Yes, the universal description. A stronger approach is to ask about a period where priorities shifted quickly. How did they decide what to do first, and what did they communicate to others? That reveals judgment, not just resilience language.
Now technical interviews—this is where things can get… theatrical. Puzzles, trick questions, things that feel impressive but not relevant.
And those should be avoided. Technical questions should reflect the actual work. If the role involves troubleshooting, give a realistic scenario. If it involves analysis, present real data. If it involves writing, ask for a short writing sample. The closer the task is to the job, the more useful the signal.
And for culture questions, we’re not asking if we’d enjoy spending time with them. We’re asking how they work.
Correct. Questions like: what kind of environment helps you perform best, how do you handle expectations outside standard hours, what does effective collaboration look like to you. These surface alignment without requiring similarity.
The after-hours question is a good one. That’s the kind of mismatch you want to catch early, not after someone’s already joined.
Exactly. And then comes the part many teams skip: consistency. Ask the same core questions, use a defined scorecard, and evaluate independently before discussing as a group. You’re building multiple points of evidence around the same decision.
Multiple points of evidence. Not one impressive conversation.

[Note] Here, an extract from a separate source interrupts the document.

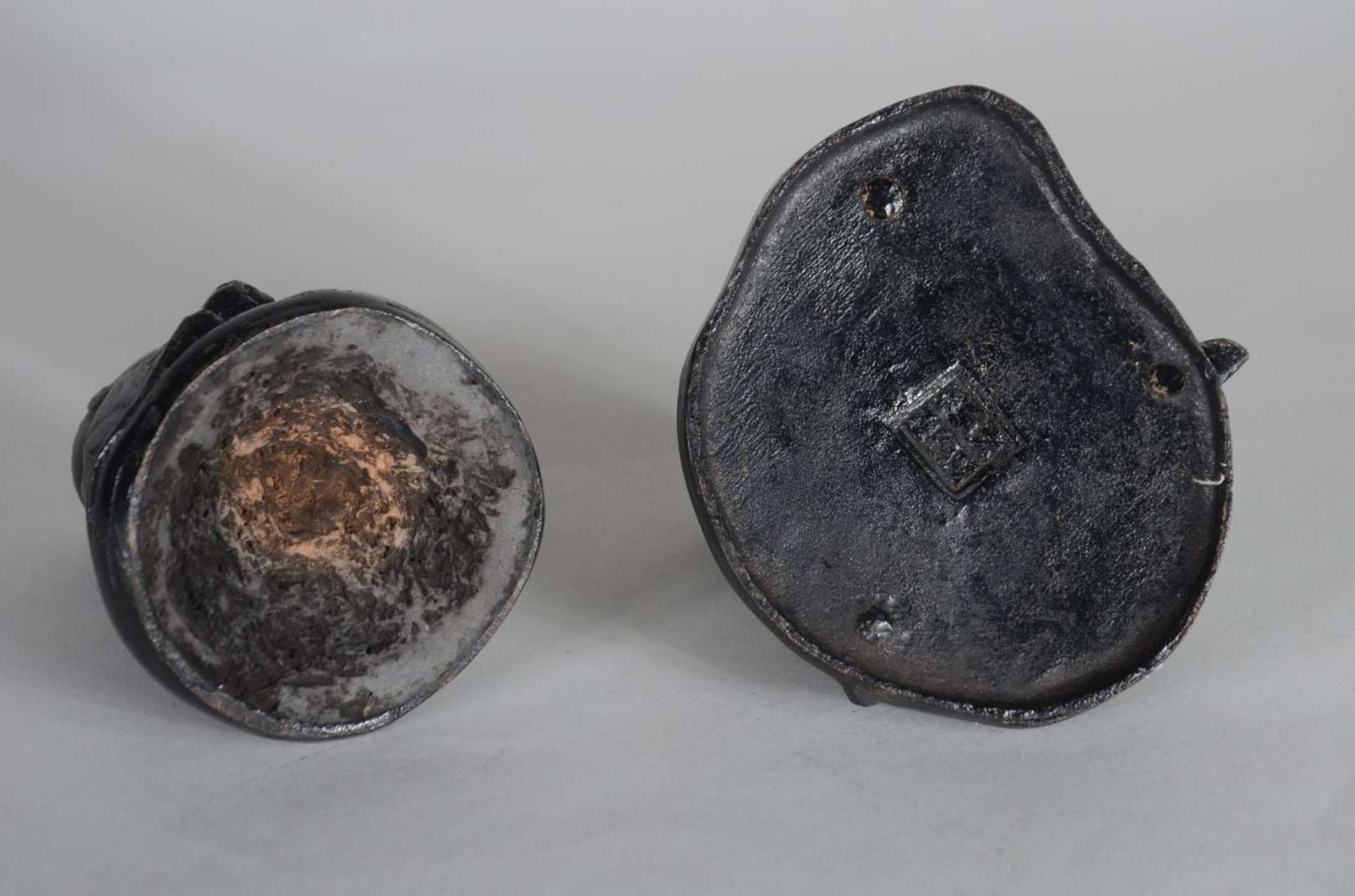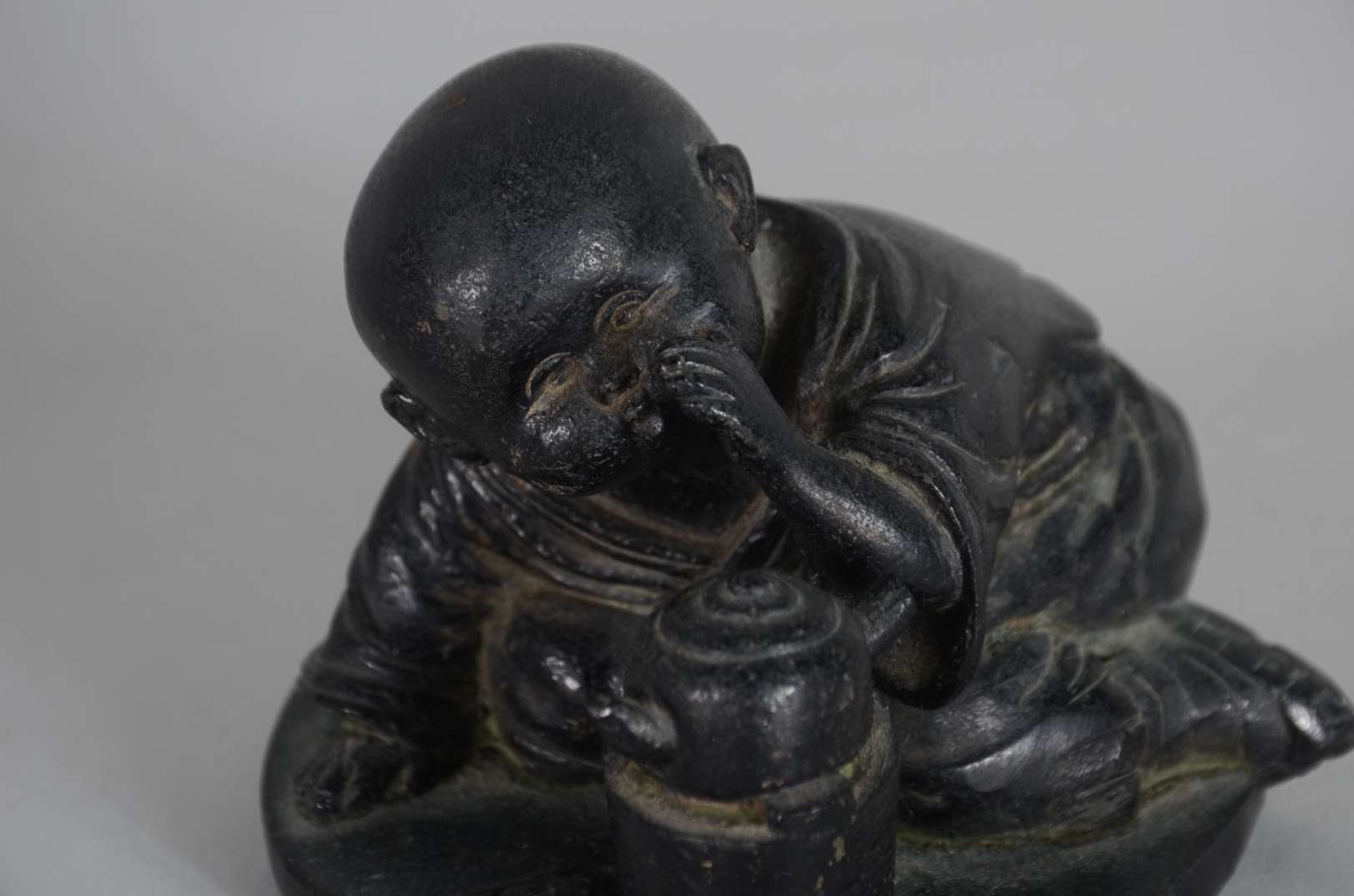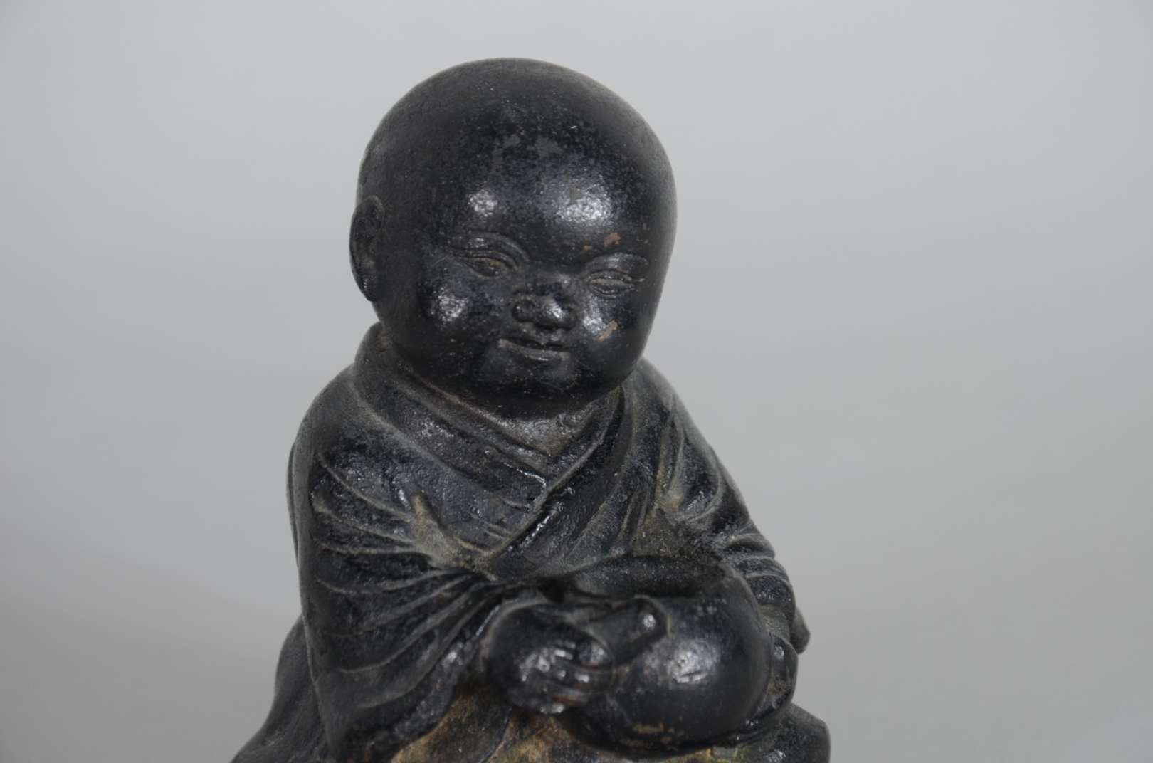 Par de figuras de metal representando crianças orientais. Assinados na base.

Yes. Hiring should reward evidence, not charisma. And if you’re trying to make that shift—toward a more structured, consistent process—tools like OAD can help. You can test their approach, including behavioral assessments, for free at o-a-d-dot-a-i and start reducing some of that guesswork.
It really comes back to respect, doesn’t it? Respect for the role, for the candidate, and for the cost of getting it wrong.
It does. Every hiring decision shapes the future of the team. If you choose based on evidence, you build capability. If you choose based on comfort, you build an echo.
That’s a sharp way to put it. Thanks for listening to The Science of Leading.